Dataset content:
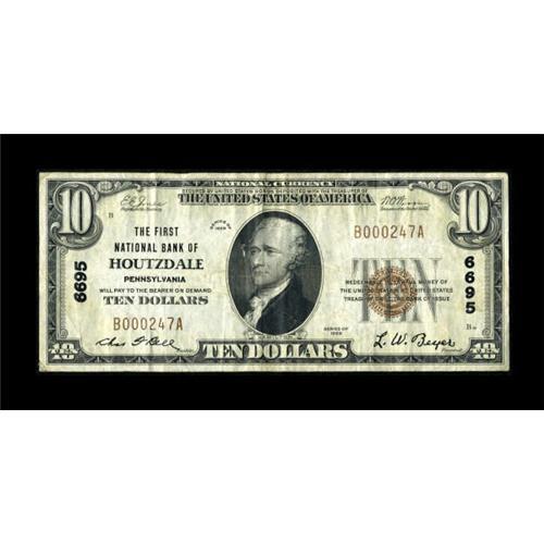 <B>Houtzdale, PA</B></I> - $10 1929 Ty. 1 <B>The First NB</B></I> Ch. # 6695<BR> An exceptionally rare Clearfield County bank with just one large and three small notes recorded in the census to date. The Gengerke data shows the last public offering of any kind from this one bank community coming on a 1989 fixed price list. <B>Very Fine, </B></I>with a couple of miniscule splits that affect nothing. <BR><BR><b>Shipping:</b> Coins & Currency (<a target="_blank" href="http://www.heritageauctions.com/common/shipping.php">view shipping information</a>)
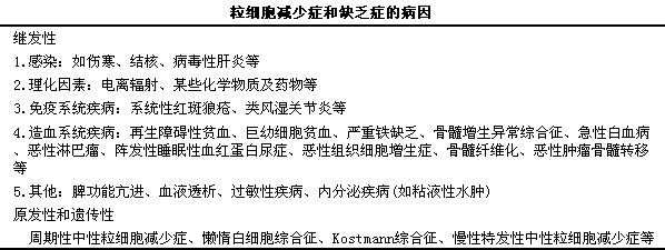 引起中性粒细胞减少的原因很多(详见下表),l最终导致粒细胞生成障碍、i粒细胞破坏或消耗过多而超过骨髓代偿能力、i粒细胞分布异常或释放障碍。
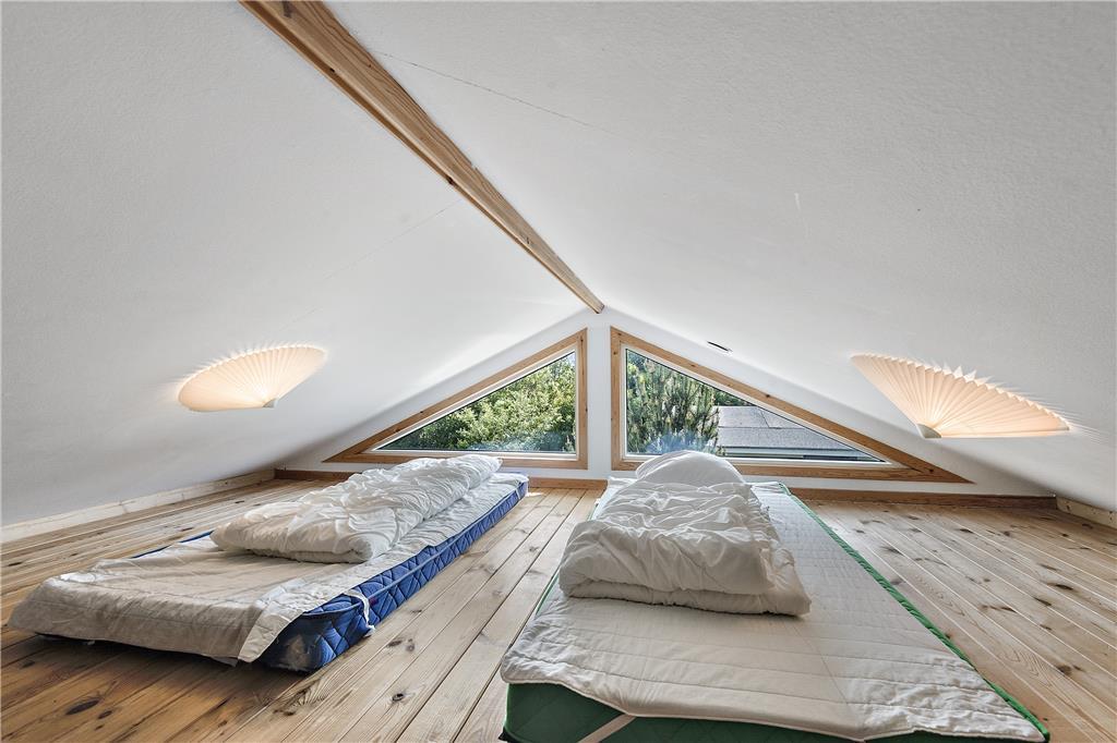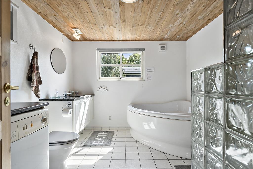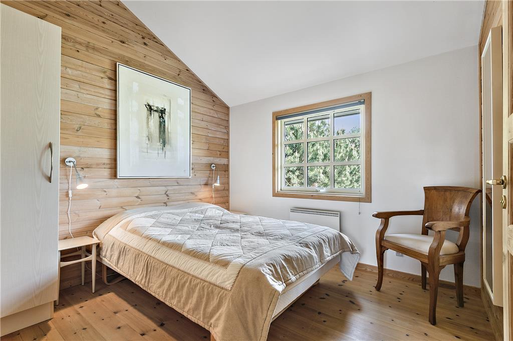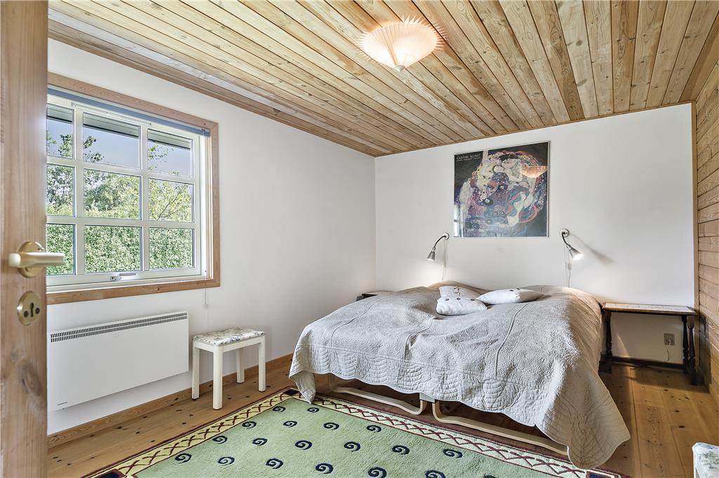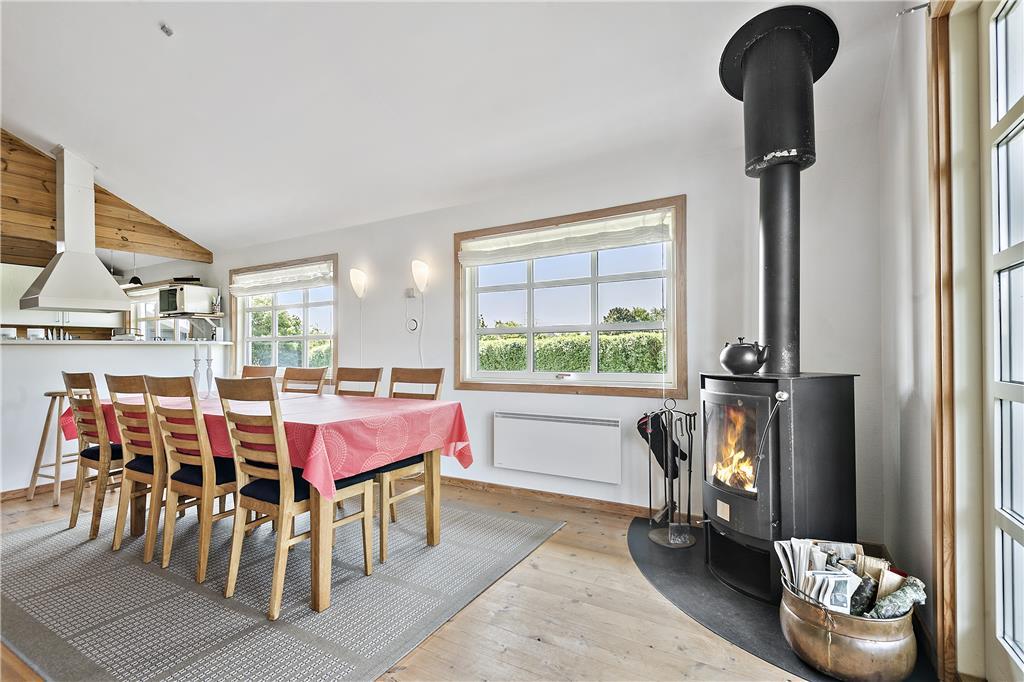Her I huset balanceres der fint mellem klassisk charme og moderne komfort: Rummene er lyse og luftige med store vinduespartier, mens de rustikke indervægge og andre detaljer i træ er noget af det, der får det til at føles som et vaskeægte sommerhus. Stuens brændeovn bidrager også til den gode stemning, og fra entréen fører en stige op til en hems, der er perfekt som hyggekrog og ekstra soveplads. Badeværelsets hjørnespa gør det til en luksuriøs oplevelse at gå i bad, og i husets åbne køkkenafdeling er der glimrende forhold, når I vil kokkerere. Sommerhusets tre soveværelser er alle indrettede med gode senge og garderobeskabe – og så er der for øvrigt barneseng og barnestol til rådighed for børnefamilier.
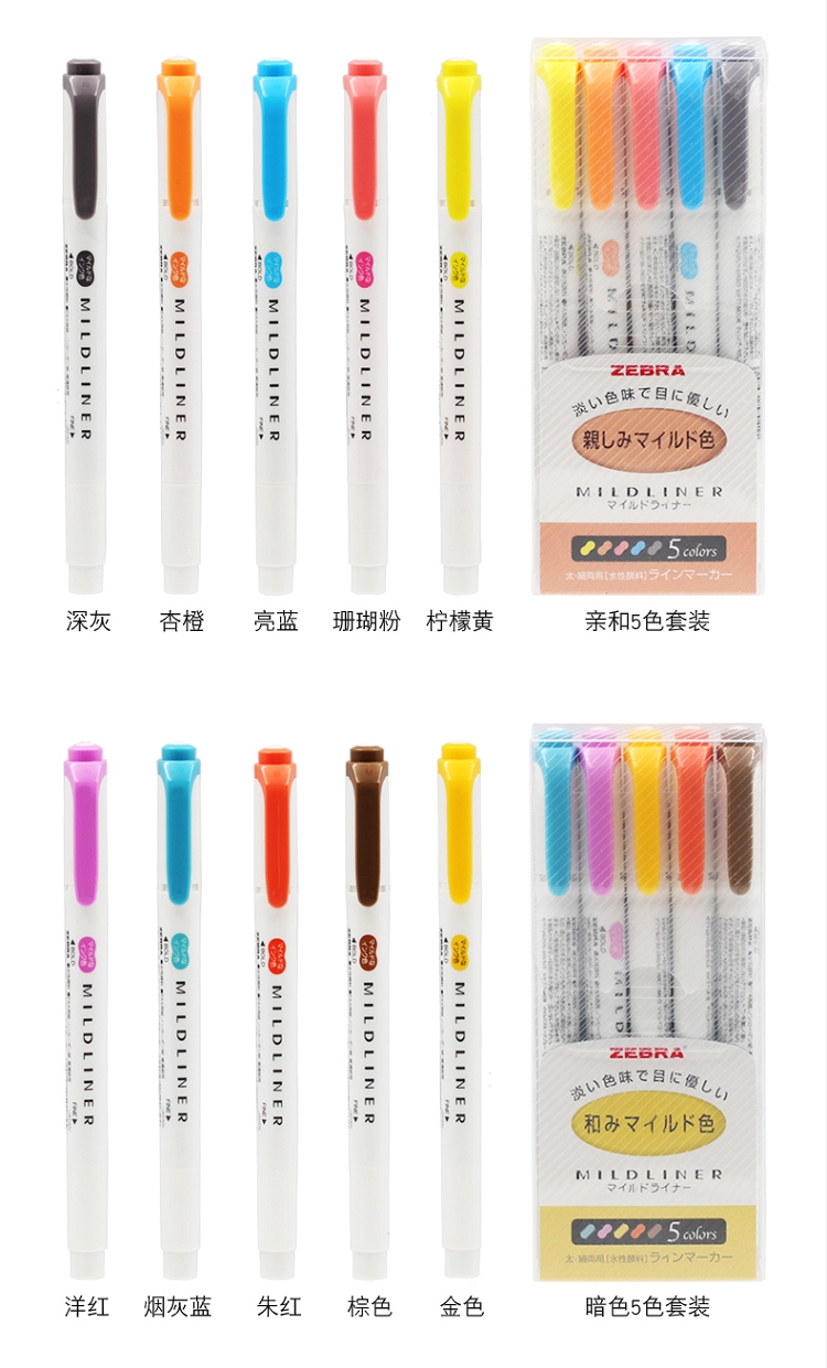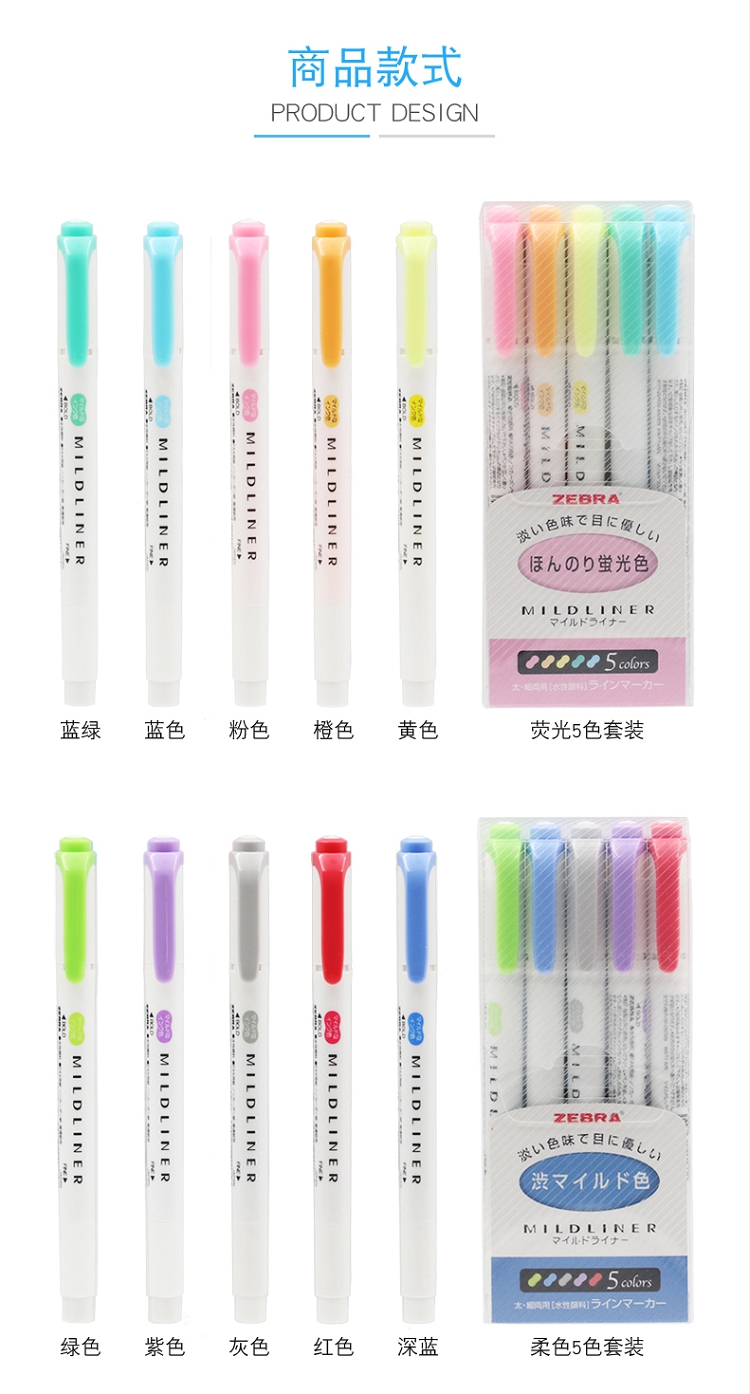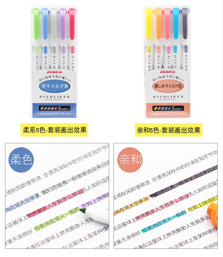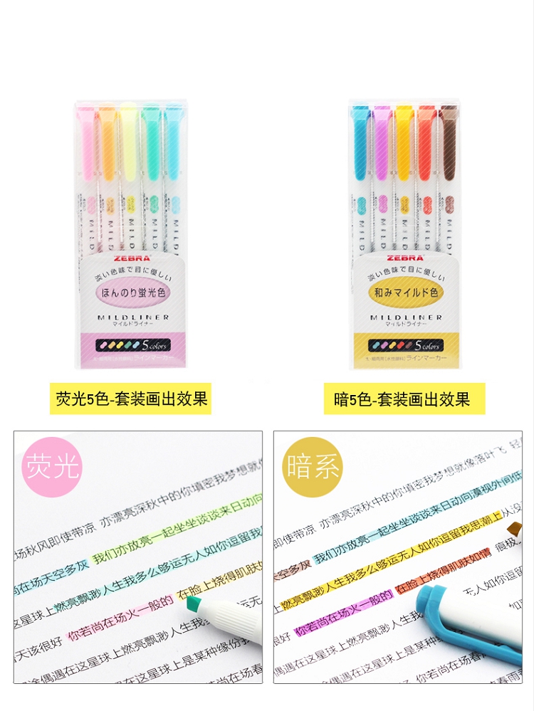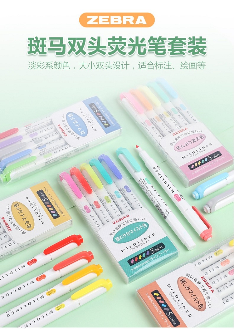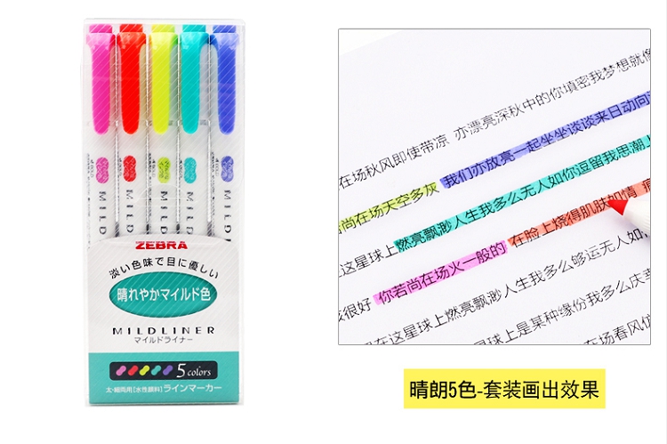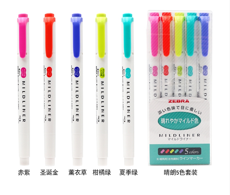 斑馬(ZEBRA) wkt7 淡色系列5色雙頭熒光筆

About this task: Exactly the lines from the one with "Her I huset" to the last line of the listing are wanted, both ends included and pictures excluded.

Answer to this exercise:
Her I huset balanceres der fint mellem klassisk charme og moderne komfort: Rummene er lyse og luftige med store vinduespartier, mens de rustikke indervægge og andre detaljer i træ er noget af det, der får det til at føles som et vaskeægte sommerhus. Stuens brændeovn bidrager også til den gode stemning, og fra entréen fører en stige op til en hems, der er perfekt som hyggekrog og ekstra soveplads. Badeværelsets hjørnespa gør det til en luksuriøs oplevelse at gå i bad, og i husets åbne køkkenafdeling er der glimrende forhold, når I vil kokkerere. Sommerhusets tre soveværelser er alle indrettede med gode senge og garderobeskabe – og så er der for øvrigt barneseng og barnestol til rådighed for børnefamilier.
 斑馬(ZEBRA) wkt7 淡色系列5色雙頭熒光筆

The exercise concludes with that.